(Beginning of Extracted records)

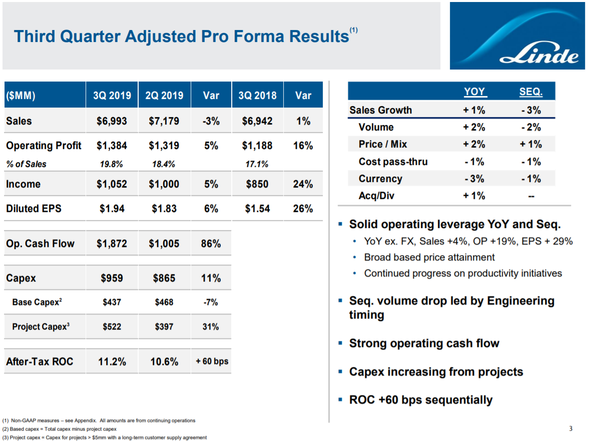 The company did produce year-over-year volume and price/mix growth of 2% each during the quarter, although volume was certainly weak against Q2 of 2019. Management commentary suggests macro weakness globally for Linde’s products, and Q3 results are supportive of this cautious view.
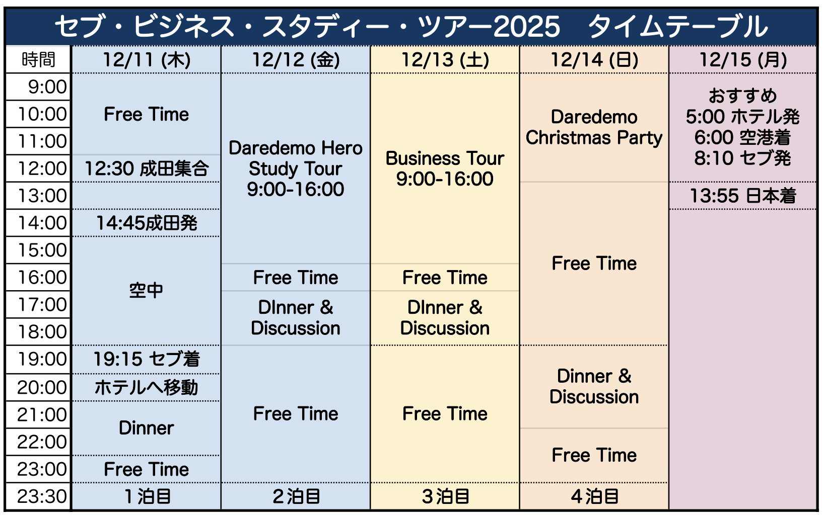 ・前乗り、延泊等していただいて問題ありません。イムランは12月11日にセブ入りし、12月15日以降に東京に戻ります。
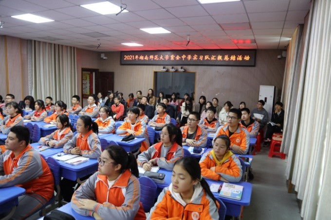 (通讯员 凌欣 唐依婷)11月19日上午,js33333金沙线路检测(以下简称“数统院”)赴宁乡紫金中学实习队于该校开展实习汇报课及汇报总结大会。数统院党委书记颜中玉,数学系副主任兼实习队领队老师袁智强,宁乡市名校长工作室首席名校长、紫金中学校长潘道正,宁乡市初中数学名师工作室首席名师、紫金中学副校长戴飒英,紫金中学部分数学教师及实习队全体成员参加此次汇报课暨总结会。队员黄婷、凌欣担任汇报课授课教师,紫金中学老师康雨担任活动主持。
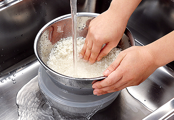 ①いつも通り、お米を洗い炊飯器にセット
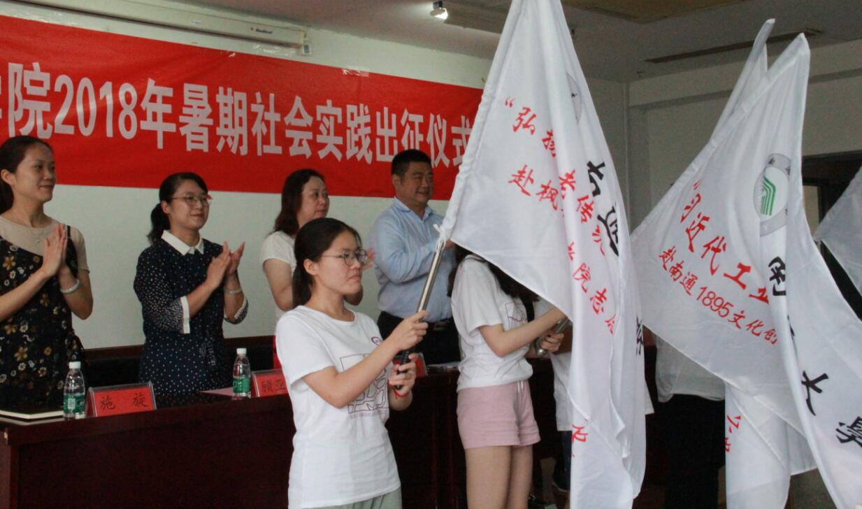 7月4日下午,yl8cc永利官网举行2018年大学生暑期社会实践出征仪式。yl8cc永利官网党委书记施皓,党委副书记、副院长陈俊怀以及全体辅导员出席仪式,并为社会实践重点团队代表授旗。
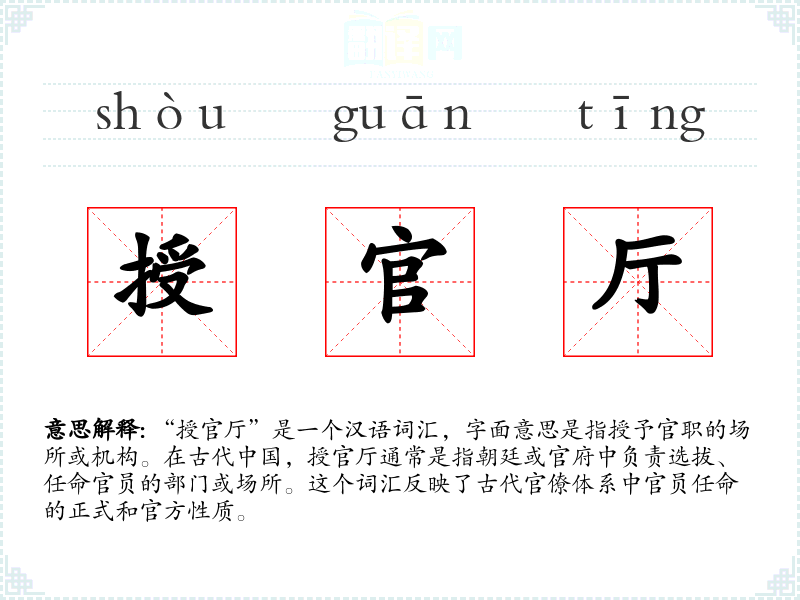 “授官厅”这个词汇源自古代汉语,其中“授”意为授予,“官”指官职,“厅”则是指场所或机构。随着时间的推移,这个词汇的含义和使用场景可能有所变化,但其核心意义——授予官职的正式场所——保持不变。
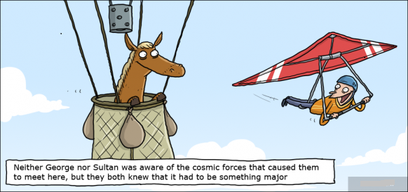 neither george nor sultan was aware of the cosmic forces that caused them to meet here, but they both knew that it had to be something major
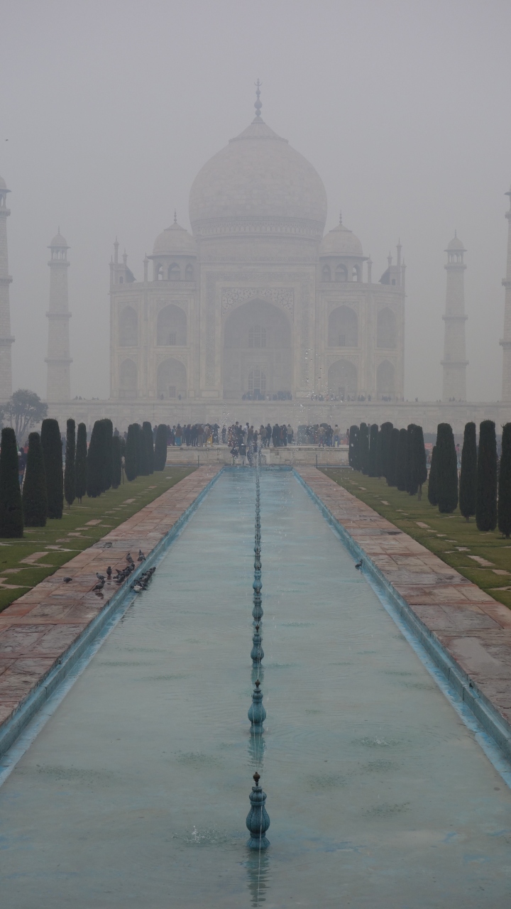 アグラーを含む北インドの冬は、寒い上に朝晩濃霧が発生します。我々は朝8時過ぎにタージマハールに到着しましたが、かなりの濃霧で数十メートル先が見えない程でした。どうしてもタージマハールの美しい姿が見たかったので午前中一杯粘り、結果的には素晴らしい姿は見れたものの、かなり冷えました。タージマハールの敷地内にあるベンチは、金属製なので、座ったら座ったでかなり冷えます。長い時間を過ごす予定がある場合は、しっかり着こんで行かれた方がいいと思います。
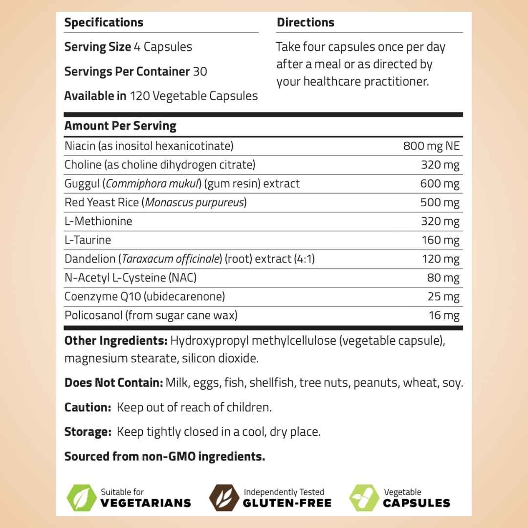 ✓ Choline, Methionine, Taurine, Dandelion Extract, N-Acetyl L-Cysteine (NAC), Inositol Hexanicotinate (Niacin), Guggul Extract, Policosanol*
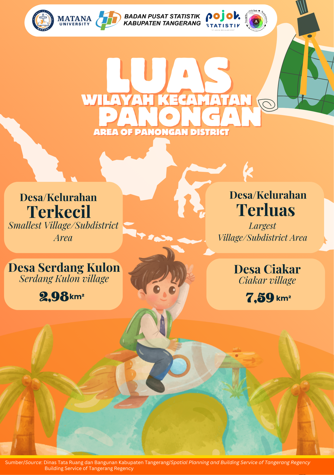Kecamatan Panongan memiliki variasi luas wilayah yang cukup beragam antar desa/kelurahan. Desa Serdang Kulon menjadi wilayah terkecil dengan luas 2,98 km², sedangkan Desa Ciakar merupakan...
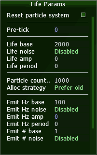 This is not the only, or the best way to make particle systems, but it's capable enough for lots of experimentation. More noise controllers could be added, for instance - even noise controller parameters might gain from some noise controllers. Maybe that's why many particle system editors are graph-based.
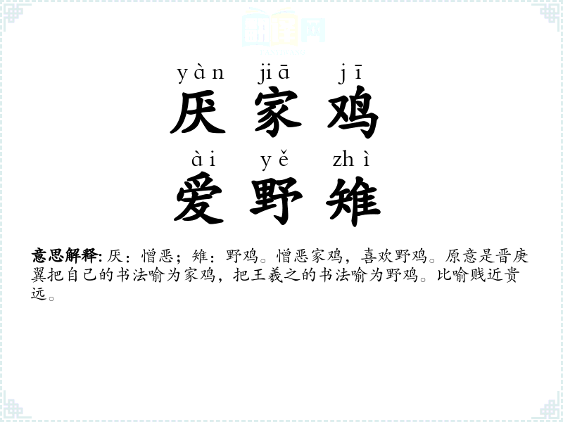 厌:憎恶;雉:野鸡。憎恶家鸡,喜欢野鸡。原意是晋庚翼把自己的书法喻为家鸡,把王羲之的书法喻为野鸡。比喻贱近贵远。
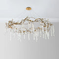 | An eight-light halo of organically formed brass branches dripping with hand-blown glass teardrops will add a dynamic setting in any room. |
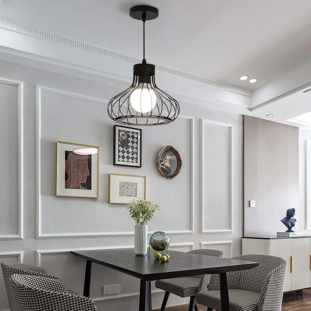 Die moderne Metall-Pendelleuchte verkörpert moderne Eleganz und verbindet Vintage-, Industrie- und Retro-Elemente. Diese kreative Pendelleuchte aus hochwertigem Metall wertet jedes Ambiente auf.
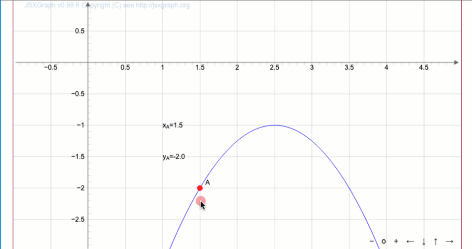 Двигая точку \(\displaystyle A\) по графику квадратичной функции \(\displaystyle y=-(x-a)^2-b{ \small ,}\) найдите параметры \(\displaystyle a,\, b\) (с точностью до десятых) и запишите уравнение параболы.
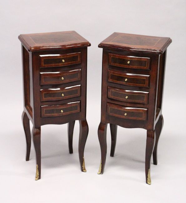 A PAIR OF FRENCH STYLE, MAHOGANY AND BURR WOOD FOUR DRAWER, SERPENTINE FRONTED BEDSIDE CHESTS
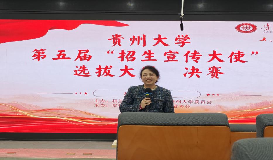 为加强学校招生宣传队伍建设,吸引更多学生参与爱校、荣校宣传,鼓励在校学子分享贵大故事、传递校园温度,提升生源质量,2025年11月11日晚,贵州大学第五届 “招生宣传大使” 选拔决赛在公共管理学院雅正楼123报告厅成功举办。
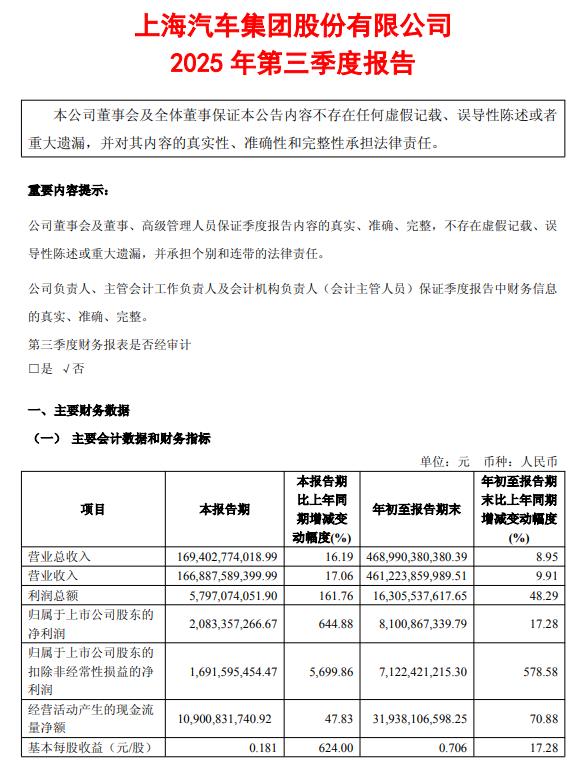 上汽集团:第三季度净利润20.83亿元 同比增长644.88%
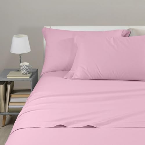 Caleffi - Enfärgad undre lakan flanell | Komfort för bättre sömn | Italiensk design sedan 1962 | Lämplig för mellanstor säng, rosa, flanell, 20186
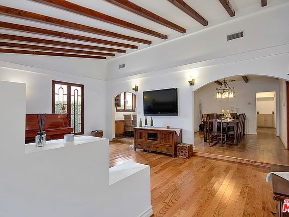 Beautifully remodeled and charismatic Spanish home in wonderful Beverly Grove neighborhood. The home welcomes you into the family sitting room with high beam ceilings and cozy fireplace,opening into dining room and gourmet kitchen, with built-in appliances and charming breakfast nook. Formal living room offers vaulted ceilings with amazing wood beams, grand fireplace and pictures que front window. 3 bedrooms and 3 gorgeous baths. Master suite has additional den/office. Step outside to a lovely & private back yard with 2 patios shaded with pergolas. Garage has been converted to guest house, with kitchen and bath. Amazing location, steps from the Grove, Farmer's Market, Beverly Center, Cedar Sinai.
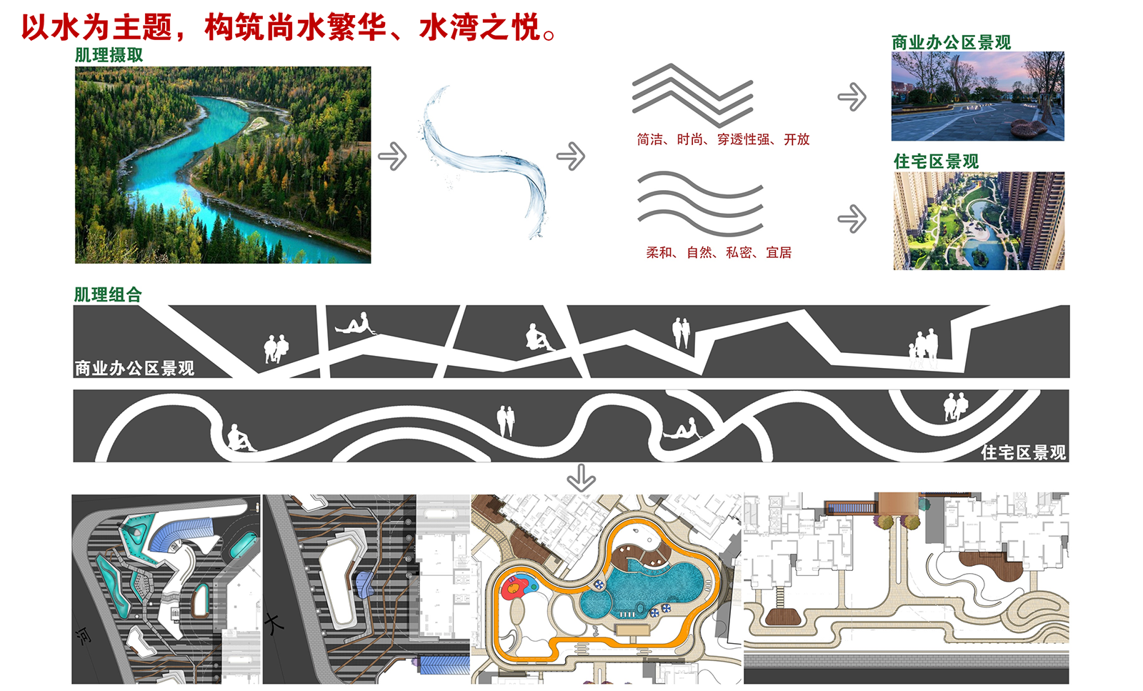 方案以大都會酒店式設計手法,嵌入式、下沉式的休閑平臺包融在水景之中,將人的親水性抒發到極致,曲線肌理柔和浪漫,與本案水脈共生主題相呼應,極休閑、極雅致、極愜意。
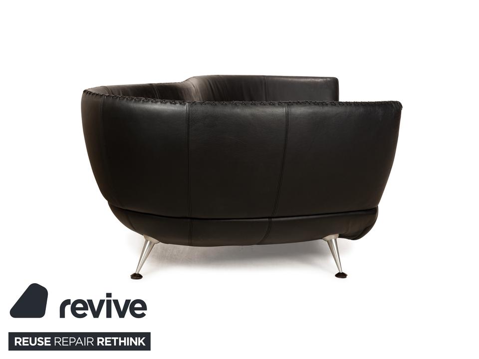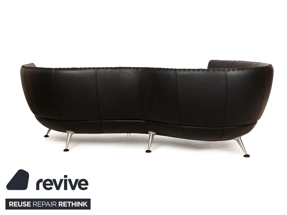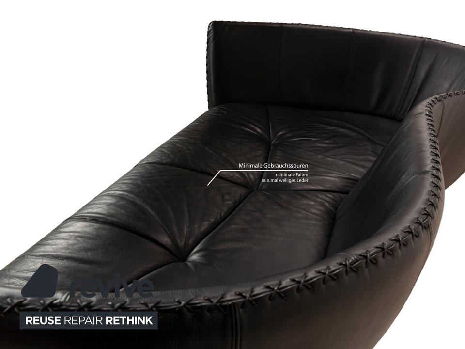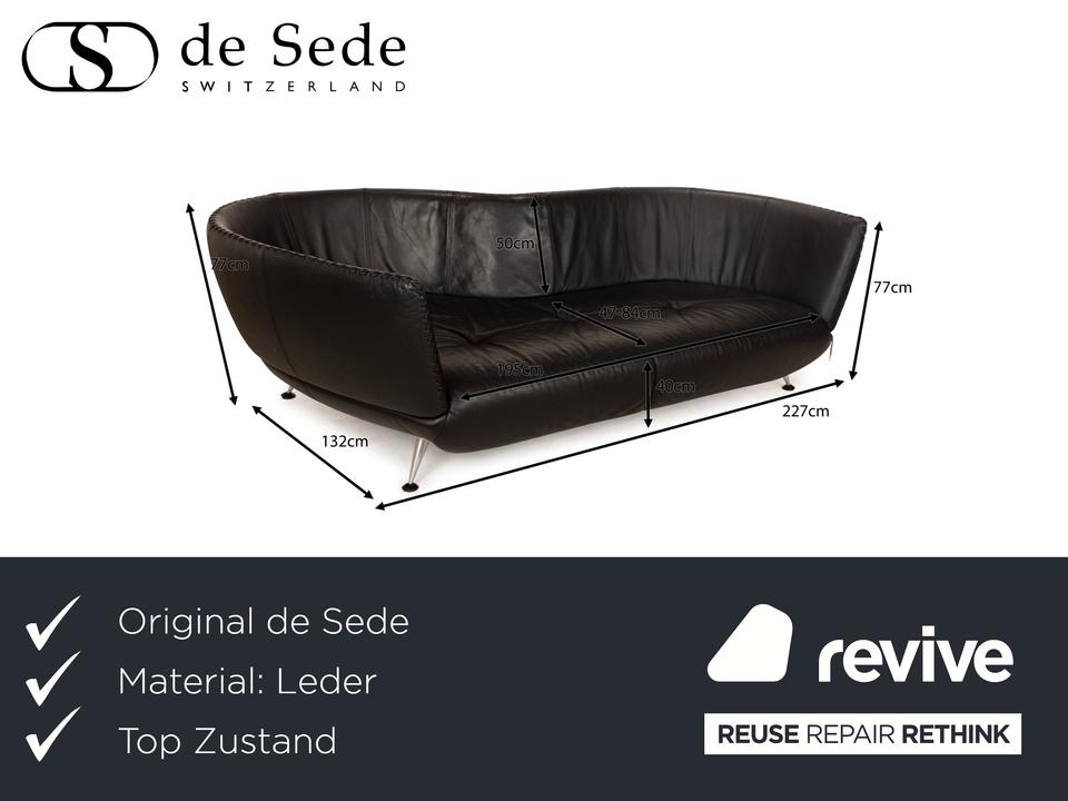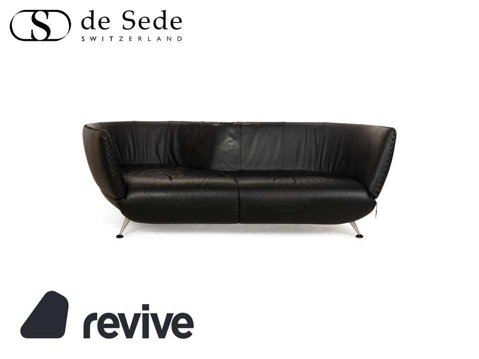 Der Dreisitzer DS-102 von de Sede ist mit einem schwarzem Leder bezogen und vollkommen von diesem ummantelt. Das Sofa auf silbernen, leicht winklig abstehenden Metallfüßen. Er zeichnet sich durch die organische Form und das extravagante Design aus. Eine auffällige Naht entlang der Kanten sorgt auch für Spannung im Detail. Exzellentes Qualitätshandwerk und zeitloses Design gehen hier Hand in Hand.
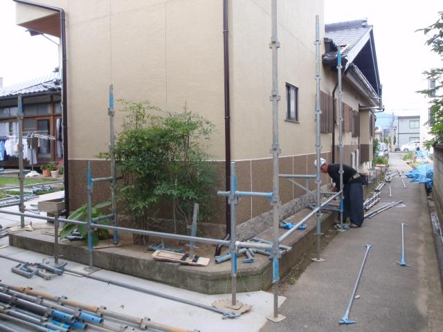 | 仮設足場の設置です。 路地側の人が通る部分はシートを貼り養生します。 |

(End of Extracted records)

Task requirements
Without the pictures, set down the lines above from the line with "Guggul Extract, Policosanol*" up to and including the line with "Kecamatan Panongan memiliki" exactly as they stand.

Task result
 ✓ Choline, Methionine, Taurine, Dandelion Extract, N-Acetyl L-Cysteine (NAC), Inositol Hexanicotinate (Niacin), Guggul Extract, Policosanol*
Kecamatan Panongan memiliki variasi luas wilayah yang cukup beragam antar desa/kelurahan. Desa Serdang Kulon menjadi wilayah terkecil dengan luas 2,98 km², sedangkan Desa Ciakar merupakan...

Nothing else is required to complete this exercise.